Work item - Only the lines below between the one holding "銅止水帶接頭是以銅含量超過9" and the one holding "Regno d'Italia, UMBERTO", inclusive, are to be reproduced word for word; the pictures are to be left out.

::: Data shown

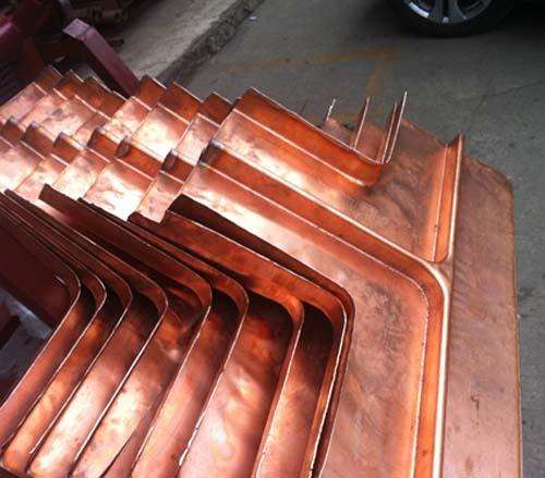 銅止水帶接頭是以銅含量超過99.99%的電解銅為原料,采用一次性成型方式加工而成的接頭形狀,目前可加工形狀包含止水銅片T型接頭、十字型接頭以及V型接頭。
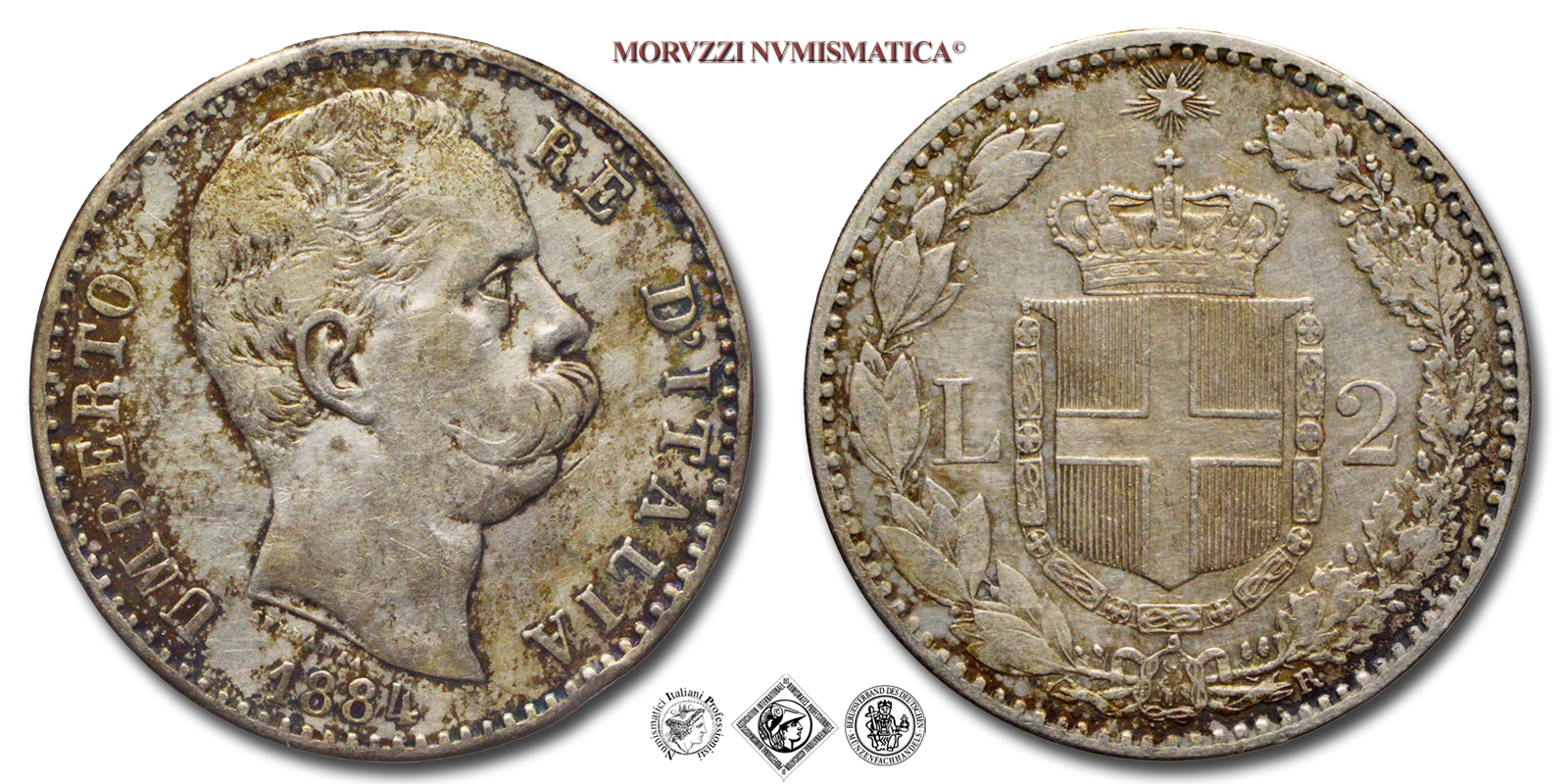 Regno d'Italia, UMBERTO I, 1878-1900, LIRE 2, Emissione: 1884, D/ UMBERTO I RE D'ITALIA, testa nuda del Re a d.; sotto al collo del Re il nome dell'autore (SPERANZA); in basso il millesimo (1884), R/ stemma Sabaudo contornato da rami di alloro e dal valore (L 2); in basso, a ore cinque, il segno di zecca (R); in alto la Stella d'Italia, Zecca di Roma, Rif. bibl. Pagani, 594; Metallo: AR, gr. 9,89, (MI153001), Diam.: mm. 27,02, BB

::::::
::: Data shown

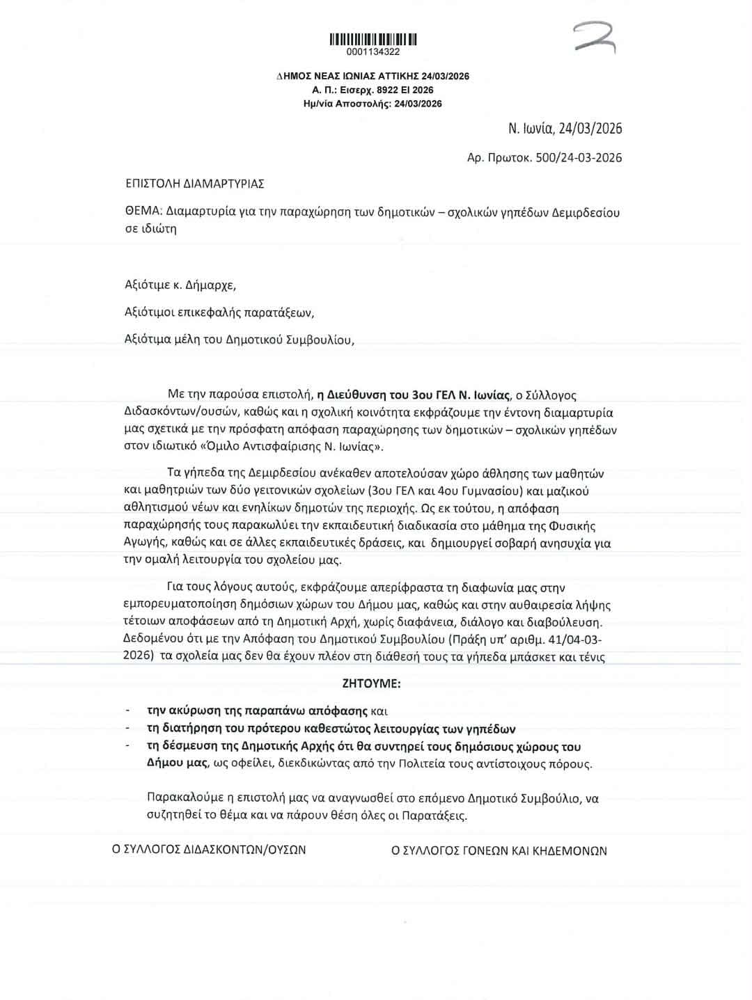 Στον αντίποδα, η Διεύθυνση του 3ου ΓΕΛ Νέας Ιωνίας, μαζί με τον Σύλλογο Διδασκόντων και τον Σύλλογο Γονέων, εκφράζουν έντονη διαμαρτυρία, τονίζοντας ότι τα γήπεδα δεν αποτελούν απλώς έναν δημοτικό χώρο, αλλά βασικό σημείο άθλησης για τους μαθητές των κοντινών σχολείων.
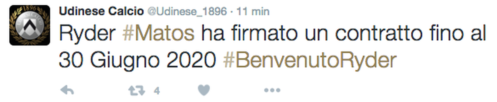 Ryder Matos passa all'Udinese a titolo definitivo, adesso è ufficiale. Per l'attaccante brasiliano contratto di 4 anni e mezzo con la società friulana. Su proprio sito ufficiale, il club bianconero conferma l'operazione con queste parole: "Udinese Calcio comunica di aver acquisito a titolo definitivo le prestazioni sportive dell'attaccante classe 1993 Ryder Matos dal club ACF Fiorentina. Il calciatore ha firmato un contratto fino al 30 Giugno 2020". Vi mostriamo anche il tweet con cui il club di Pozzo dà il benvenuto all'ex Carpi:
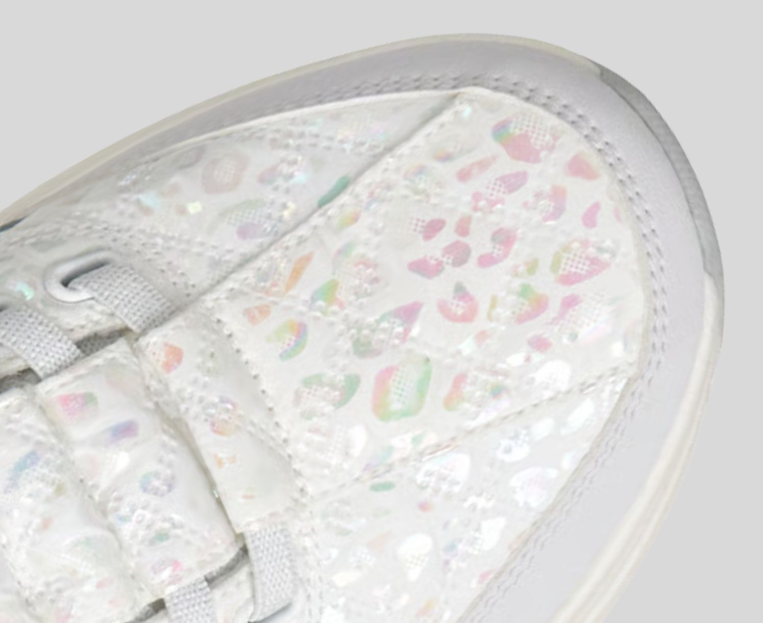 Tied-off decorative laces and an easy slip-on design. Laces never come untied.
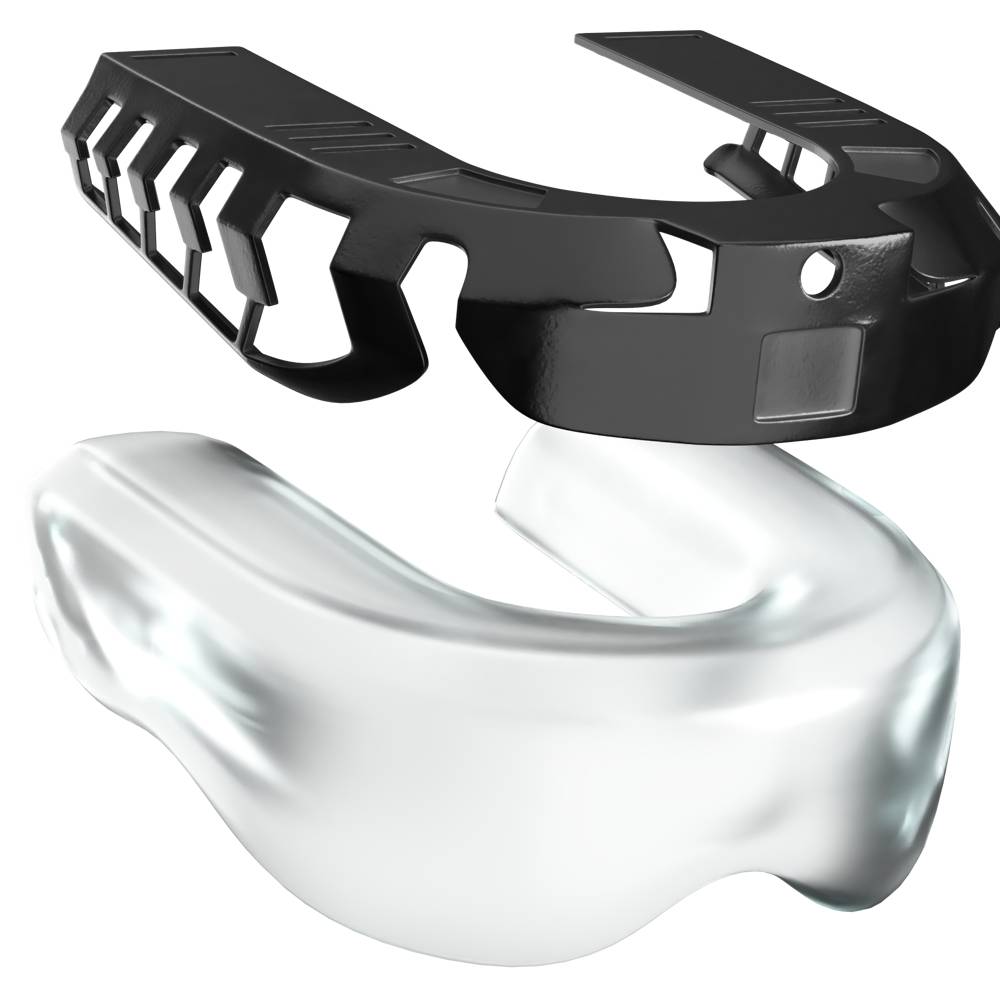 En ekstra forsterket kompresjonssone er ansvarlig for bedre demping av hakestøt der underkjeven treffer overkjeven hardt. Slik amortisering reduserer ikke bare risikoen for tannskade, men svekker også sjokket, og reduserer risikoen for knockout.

::::::

Written response -
 銅止水帶接頭是以銅含量超過99.99%的電解銅為原料,采用一次性成型方式加工而成的接頭形狀,目前可加工形狀包含止水銅片T型接頭、十字型接頭以及V型接頭。
 Regno d'Italia, UMBERTO I, 1878-1900, LIRE 2, Emissione: 1884, D/ UMBERTO I RE D'ITALIA, testa nuda del Re a d.; sotto al collo del Re il nome dell'autore (SPERANZA); in basso il millesimo (1884), R/ stemma Sabaudo contornato da rami di alloro e dal valore (L 2); in basso, a ore cinque, il segno di zecca (R); in alto la Stella d'Italia, Zecca di Roma, Rif. bibl. Pagani, 594; Metallo: AR, gr. 9,89, (MI153001), Diam.: mm. 27,02, BB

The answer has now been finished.